The market for our products is characterized by rapid technological change, frequent new product introductions and enhancements, changing customer demands and evolving industry standards. The introduction of products embodying new technologies can quickly make existing products obsolete and unmarketable. We believe that our future success depends largely on three factors:

 

    our ability to continue to support a number of popular operating systems and databases;

 

    our ability to maintain and improve our current product line; and

 

    our ability to rapidly develop new products that achieve market acceptance, maintain technological competitiveness and meet an expanding range of customer requirements.

 

Business intelligence applications are inherently complex, and it can take a long time to develop and test new products and product enhancements. In addition, customers may delay their purchasing decisions because they anticipate that new or enhanced versions of our products will soon become available.
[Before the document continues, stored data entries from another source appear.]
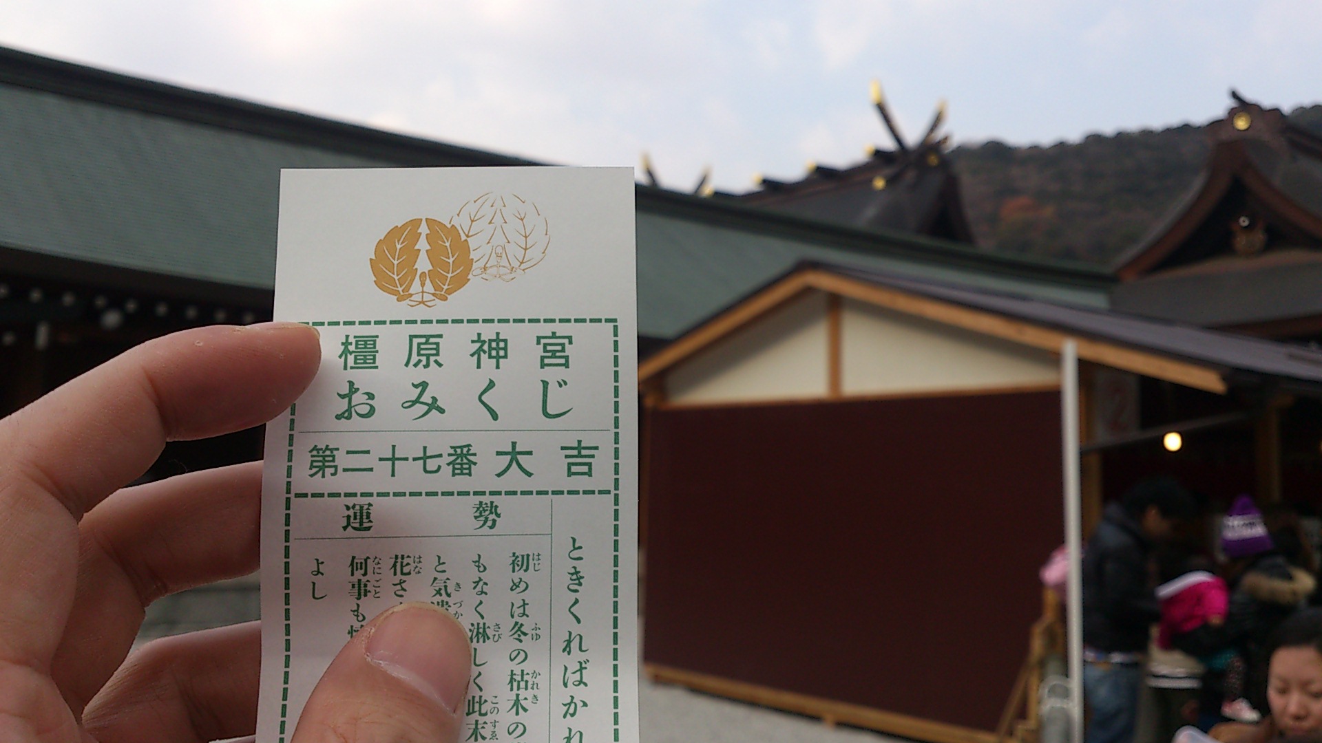 明けて元旦。橿原神宮へ初詣。思ったより混雑してなくて良かったです。今まではどうせ元日にわざわざ初詣する必要もないだろうと思ってたのですが、来年からは恒例行事にしようかと思っています。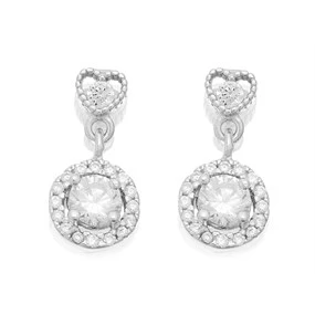 Silver Cubic Zirconia Halo Drop Earrings - 14mm drop - F11001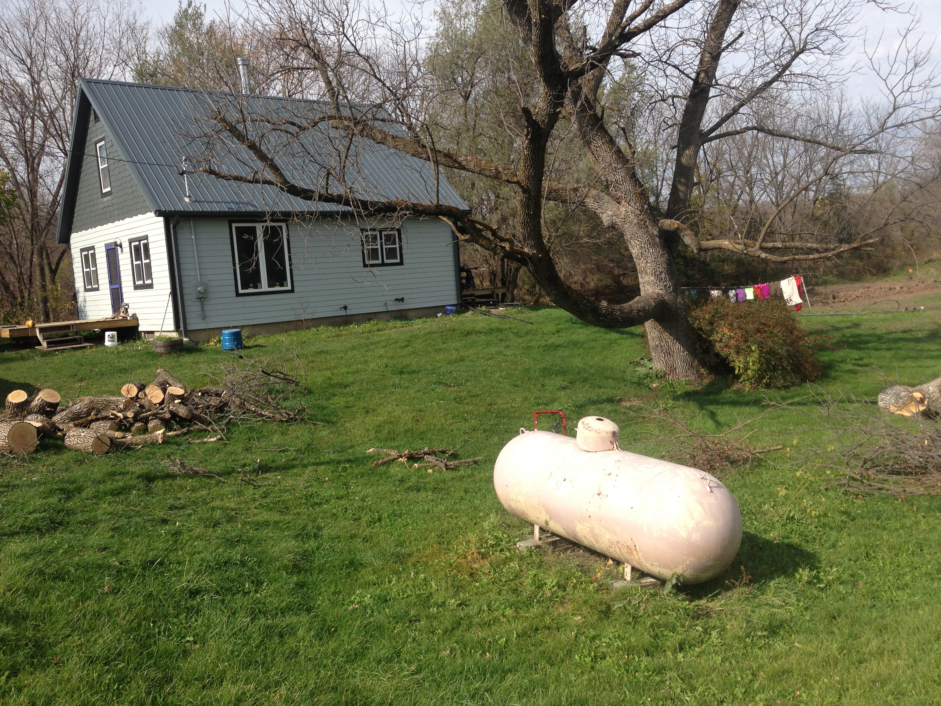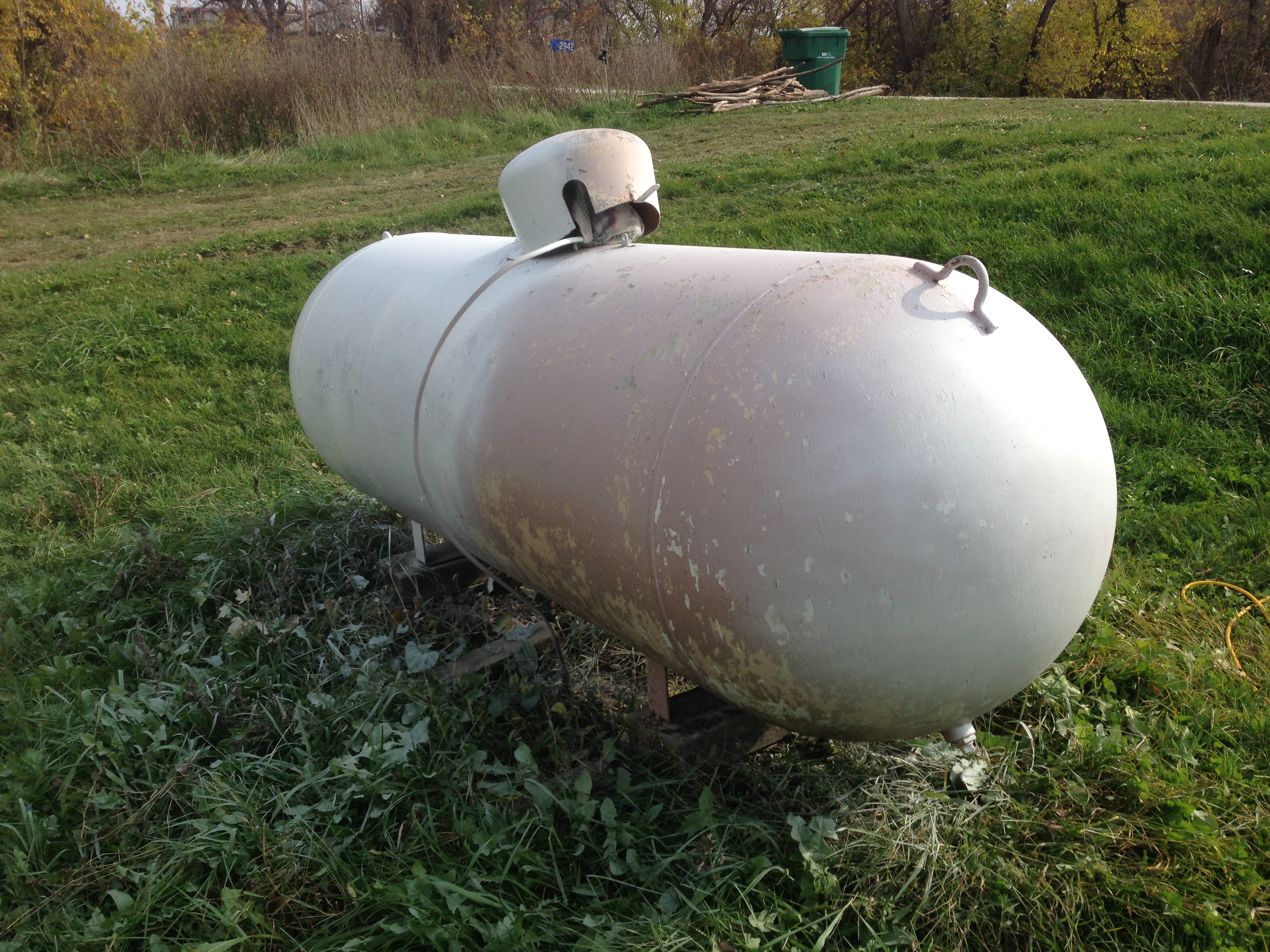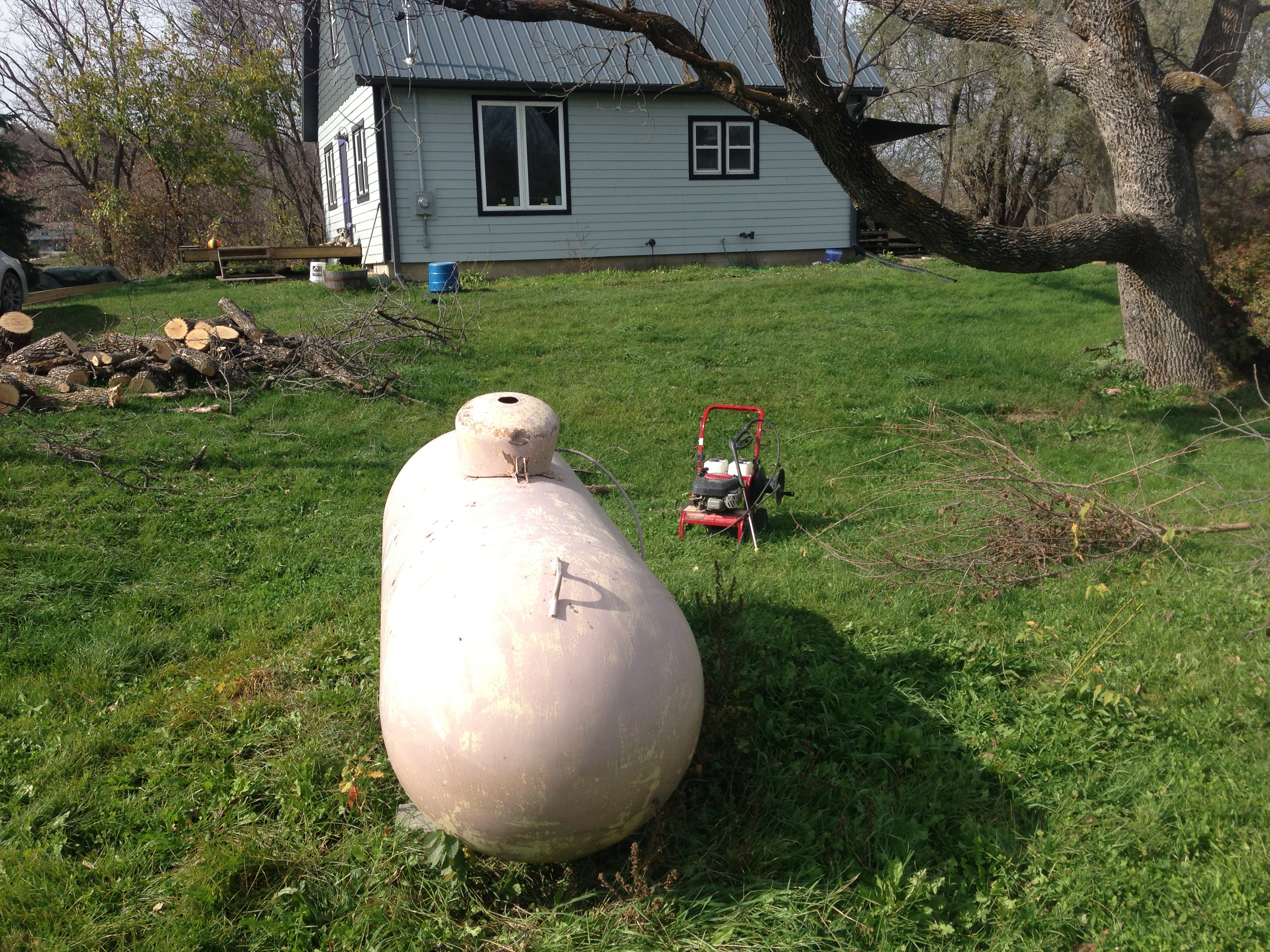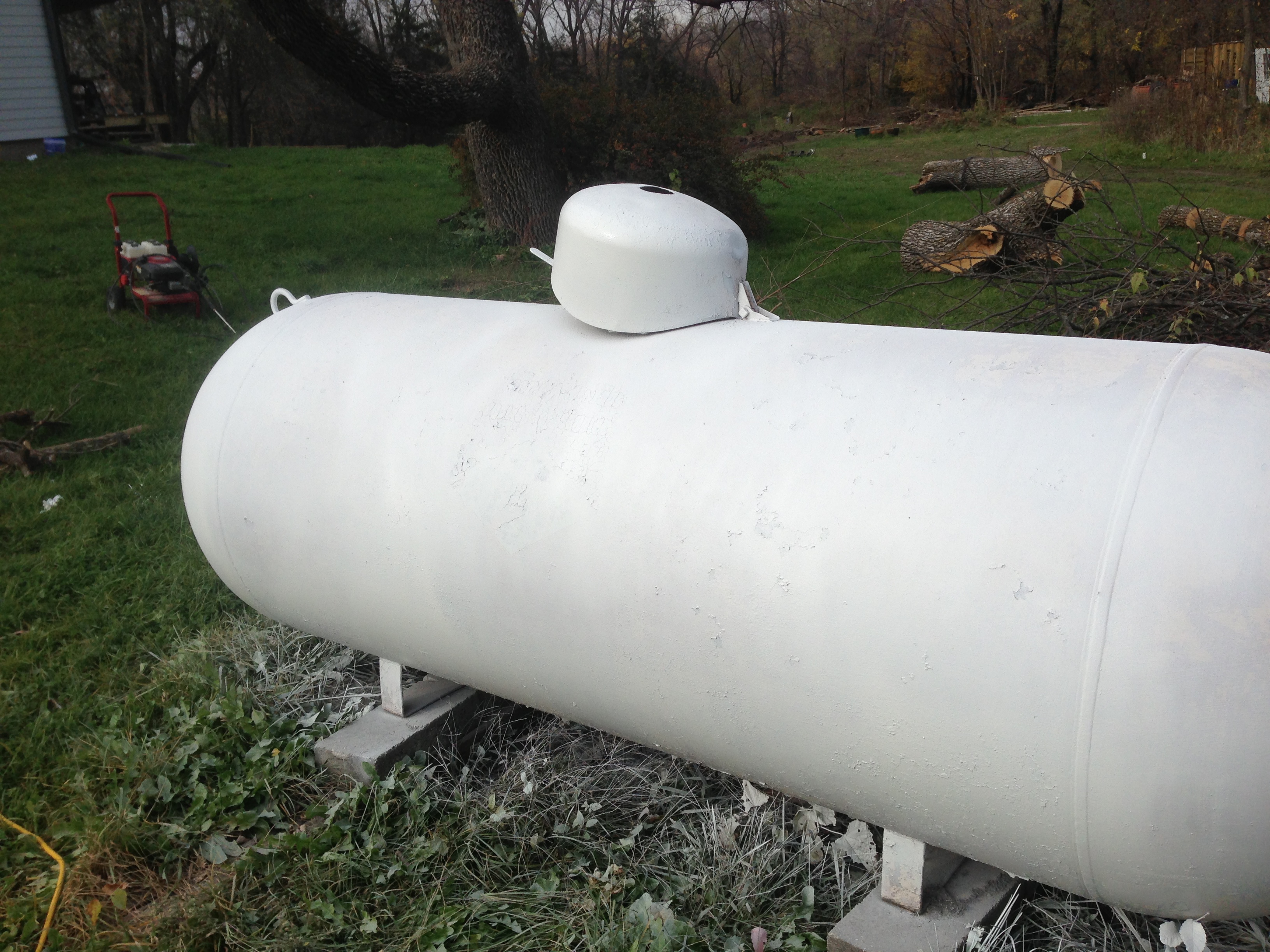 It had been a while, to say the least, since our propane tank had a good bath, much less a new paint job. The pink finish,  speckled with growths of lichen, wasn’t at all pretty and made us wonder if the tank was, at one time, disguised as a pig.

We cannot be sure that we will succeed in developing and marketing, on a timely and cost-effective basis, product enhancements or new products that respond to technological change or new customer requirements, nor can we be sure that any new products and product enhancements will achieve market acceptance.

 

The emergence of new industry standards may adversely affect our ability to market our existing products

 

The emergence of new industry standards in related fields may adversely affect the demand for our existing products. This could happen, for example, if new web standards and technologies emerged that were incompatible with customer deployments of our products. Although the core database component of our business intelligence solutions is compatible with nearly all major enterprise server hardware and operating system combinations, such as OS/390, AS/400, Unix, Linux and Windows, certain of our application server components run only on the Windows Server 2000 and Server 2003, Solaris, AIX and Linux operating systems. Therefore, our ability to increase sales depends in part on the continued acceptance of these operating systems and in part on our ability to port certain components of our software to additional operating systems.

 

The nature of our products makes them particularly vulnerable to undetected errors, or bugs, which could cause problems with how the products perform and which could in turn reduce demand for our products, reduce our revenue and lead to product liability claims against us

 

Software products as complex as ours may contain errors and/or defects. Although we test our products extensively, we have in the past discovered software errors in new products after their introduction. Despite testing by us and by our current and potential customers, errors may be found in new products or releases after commercial shipments begin. This could result in lost revenue or delays in market acceptance, which could have a material adverse effect upon our business, operating results and financial condition.

 

Our license agreements with customers typically contain provisions designed to limit our exposure to product liability claims. It is possible, however, that these provisions may not be effective under the laws of certain domestic or international jurisdictions. Although there have been no product liability claims against us to date, our license and support of products may involve the risk of these claims. A successful product liability claim against us could have a material adverse effect on our business, operating results and financial condition.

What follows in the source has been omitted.